When Michelle Maisto meets Rich–like her, a closet writer with a fierce love of books and good food–their single-mindedness at the table draws them together, and meals become a stage for their long courtship. Finally engaged, they move in together, but sitting down to shared meals each night–while working at careers, trying to write, and falling into the routines that come to define a home–soon feels like something far different from their first dinner together.
Who cooks, who shops, who does the dishes? Rich craves the light fare his mother learned to prepare as a girl in China, but Michelle leans toward the hearty dishes her father knew as a boy in Italy. Rich eats meat, but Michelle doesn’t. His metabolism races through carbohydrates, hers holds to them tightly. And while her idea of a quick meal is a fried egg, his is to head to a restaurant.

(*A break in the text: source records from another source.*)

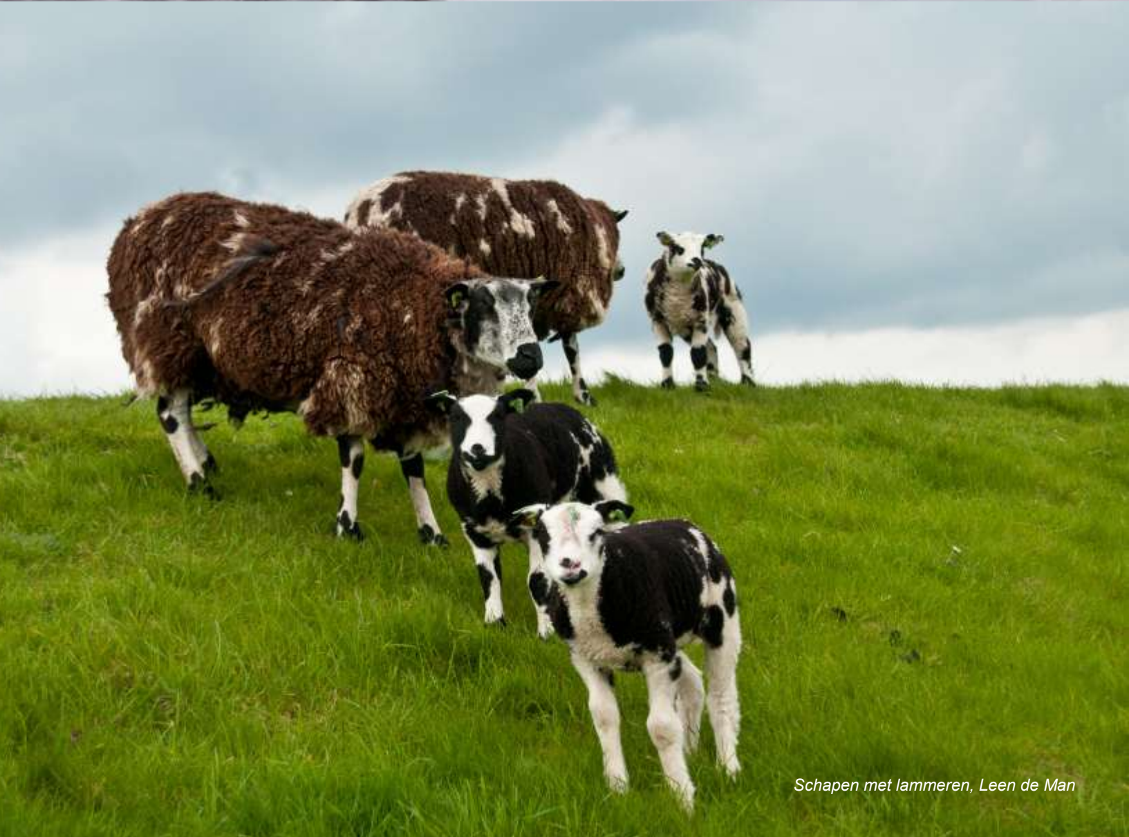
Schapen met lammeren, Leen de Man
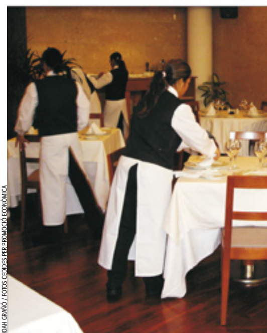
NOHÍ GRANO
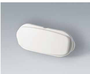
B2811207 End part ASA+PC-FR (UL 94 V-0) off-white RAL 9002
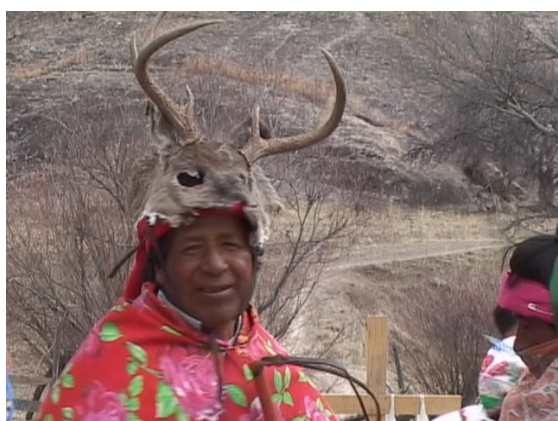
Chapeyoco de Choquita (A. T.)
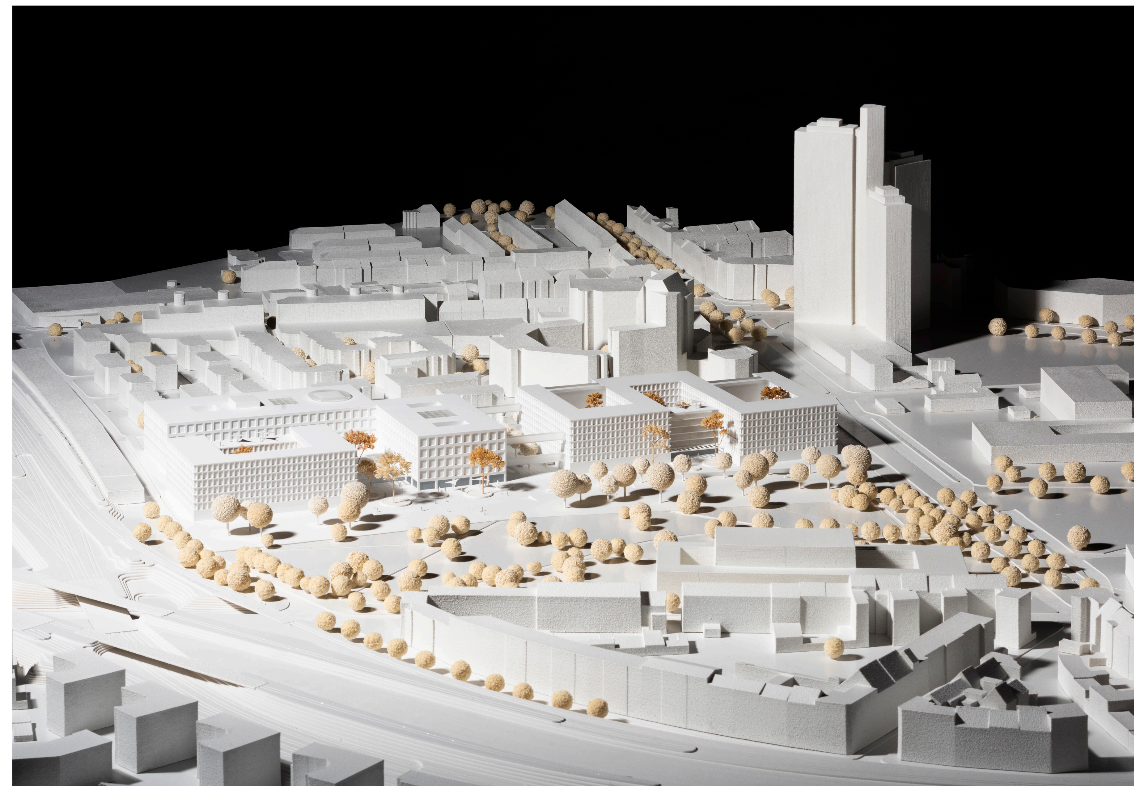
Modellfoto - Blick von Nordosten auf das Justizzentrum
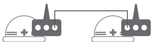
最大通話距離 1,600m(2 台でのご利用時)
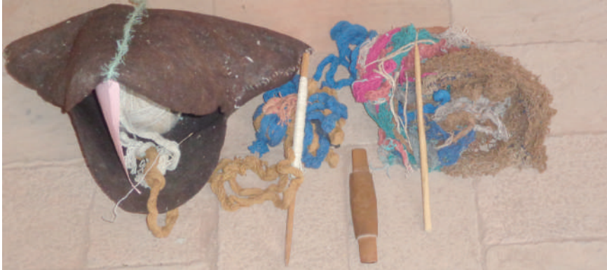
Herramientas y materiales para la construcción de las balsas.

Debido a la escasez de totora en algunos años y, también, a la posibilidad de usar otros materiales, en la actualidad también se fabrica botes o barcos metálicos o de plancha pero aplicando los saberes propios en el campo de la navegación y, obviamente, combinando con los saberes universales.
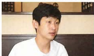
肉や食材にこだわる御主人
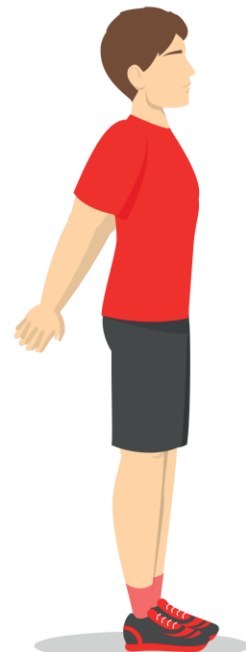
5 Chest Stretch
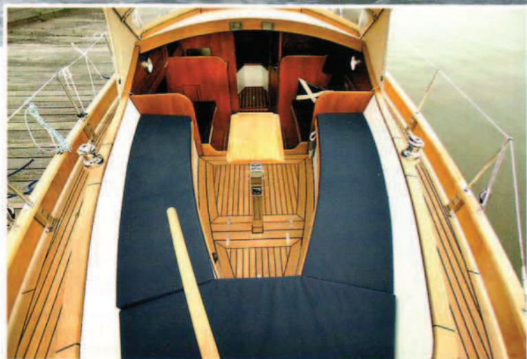
De grote kuip geeft toegang tot een open salon die in de haven overdekt kan worden door een kuintent.

Een voorjaarsmiddag op de Marina 85 is met een borreltje nog gerieflijker.
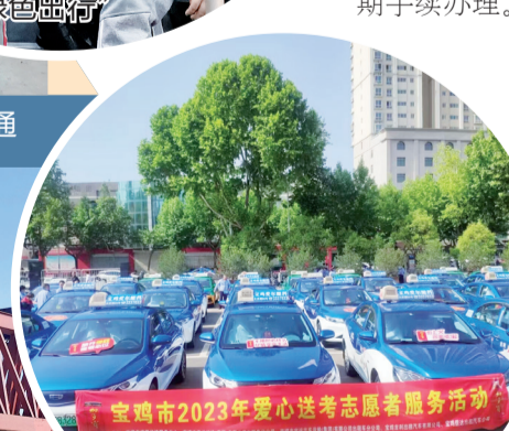
宝鸡市2023年爱心送考志愿者服务活动
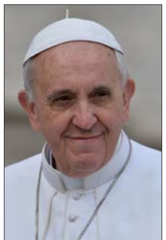
•• بيروت-أ ف ب

يتوجه البابا فرنسيس في شهر حزيران-يونيو المقبل إلى لبنان الغارق في أزماته، وفق ما أعلنت الرئاسة اللبنانية في خطوة من شأنها أن تحمل "رجاء" اللبنانيين المتعبين الذين ينتظرون الزيارة منذ سنوات. وأوردت الرئاسة في بيان أن السفير البابوي في لبنان المؤقت جوزيف سببيري سلم رئيس الجمهورية ميشال عون رسالة خطية علمه فيها أن قداسة البابا فرنسيس قرّر زيارة لبنان في شهر حزيران (يونيو) المقبل، على أن يصار إلى تحديد تاريخ الزيارة وبرنامجها وموعد الإعلان عنها رسمياً، بالتنسيق بين لبنان الكرسي الرسولي.
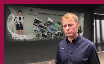
Alla scoperta di Ronaldo: il Nacional e lo stadio CR7
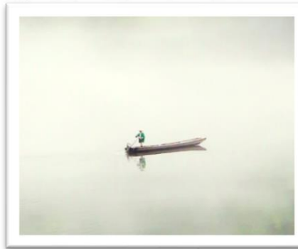
・モリは、湿度が高く、気温が下がった朝方に発生しやすいです。

〈大林ふるさとの山〉 ・山菜やカタクリが、山一面に咲いています。 ・自然豊かな場所で、静かなので、とても落ち着きます。
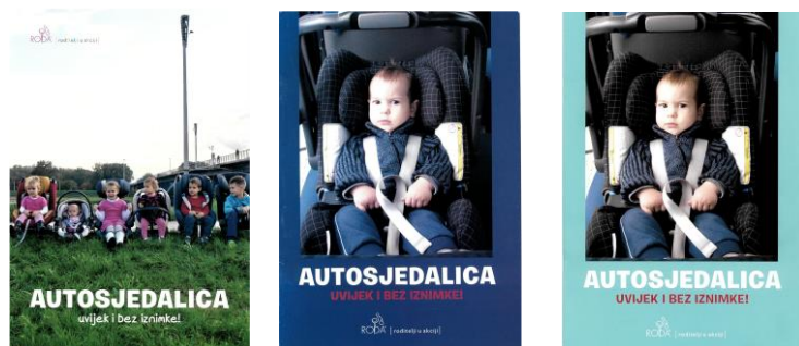
Slika 10. Brošure udruge Roditelji u akciji - Roda
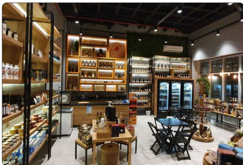
EMPORIUM SOU MAIS BRASIL - Av. Ator José Wilkner, 600 - Loja 111 - Union Square Mall - Barra. Funciona de Terça a Sábado: 15:00 - 21:00h. Instagram: @emporiosoumaisbrasil
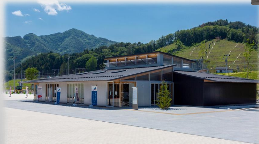
いのちをつなぐ未来館
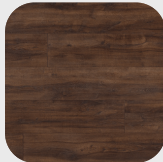
Montmelo Oak Toffee
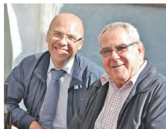
Der alte und der neue Bürgermeister freuen sich über die italienische Gastfreundschaft im alten Rathaus.

Schinken, der herzhaften Salsami und Mortadella gab es 27 Monate gereiften Parmesan und verschiedene Sorten Pecorino, aber auch leckere italienische Pasta mit Trüffeln und feine Weine.
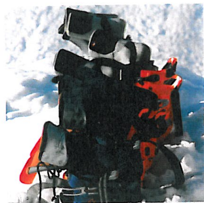
▲ Les chaussons classiques (au premier plan) séchent plus vite que les thermoformés !

Au cours des années 90, le marché se diversifia avec, d'une part, l'apparition de modèles souples et ultralégers destinés à la compétition, mais qui rencontreront aussi le succès auprès d'un large public (comme les TLT de Dynafit), et d'autre part des chaussures
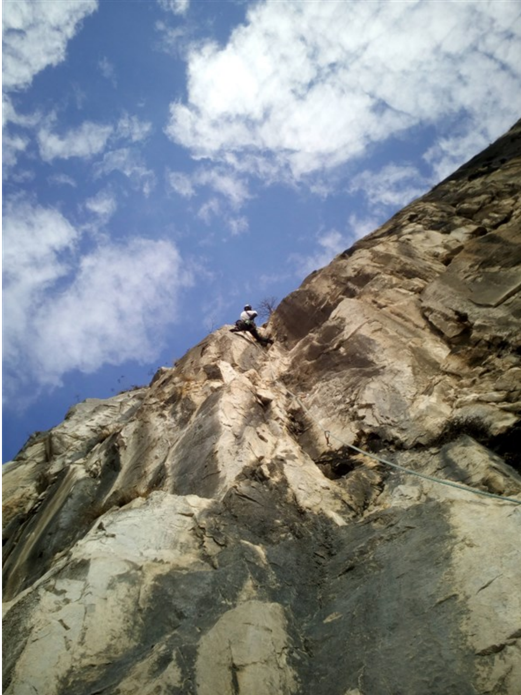
Simone sul diedro della quinta lunghezza
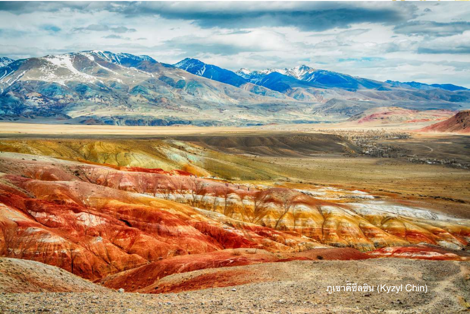
ภูเขาคีซึลชิน (Kyzyl Chin)
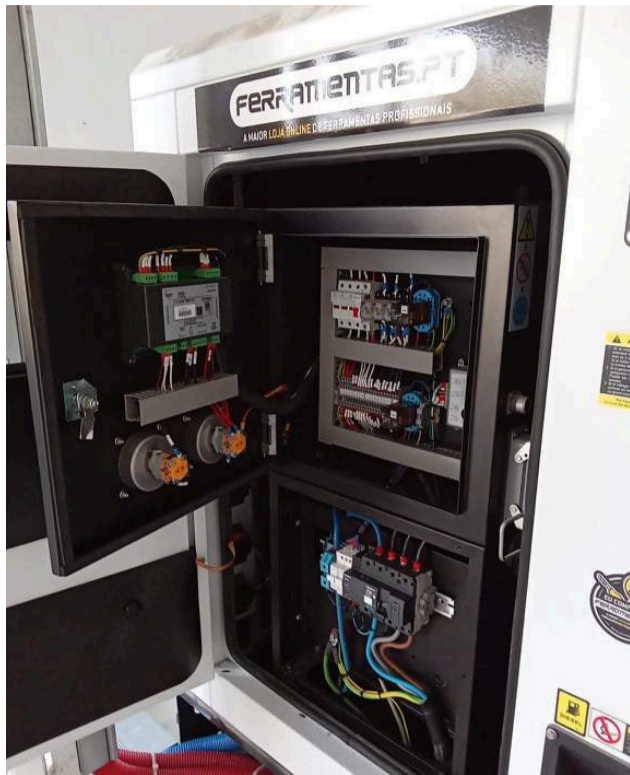
Gerador, equipamento doado pela Fundação Calouste Gulbenkian, no âmbito do Fundo de Apoio às Populações e à Revitalização das Áreas Afectadas pelos Incêndios de 2017

After Rich takes additional work to pay for their wedding, Michelle offers to do his half of the cooking chores–which, along with the newness of their living together, challenges her feelings about the kitchen and what it means to be a modern wife.
As they save and plan for a wedding, the nightly compromises, small generosities, and stubborn stakings of ground that take place around the dinner table offer a context in which Maisto considers what she’s learned from the marriages around her, and what she and Rich might create for themselves.
PUBLISHERS WEEKLY
First-time memoirist Maisto turns out a subtle valentine to cooking and New York City life in this chronicle of two foodies in love. Maisto is a charming writer with a keen wit and sense of setting, whether describing tennis in her beloved Brooklyn neighborhood, or reluctantly making Jell-O for her fianc . Despite her skill, however, the book struggles to get off the ground. What momentum there is springs from Maisto's imminent nuptials, but the actual wedding ends up a side note next to the recurring question of what to make for dinner. Low-stress recipes for favorite comfort foods are scattered throughout, including her grandmother's Walnut Tarts and a dressed-up boxed chocolate cake mix recipe, each worth reading: instructions for simmering lentils include lying on the couch and "watching a television program that the person you live with, but who is not home now, thinks is stupid." Readers homesick for New York will get the most out of the book, but it's unlikely to stick out in an increasingly cluttered field of food memoirs.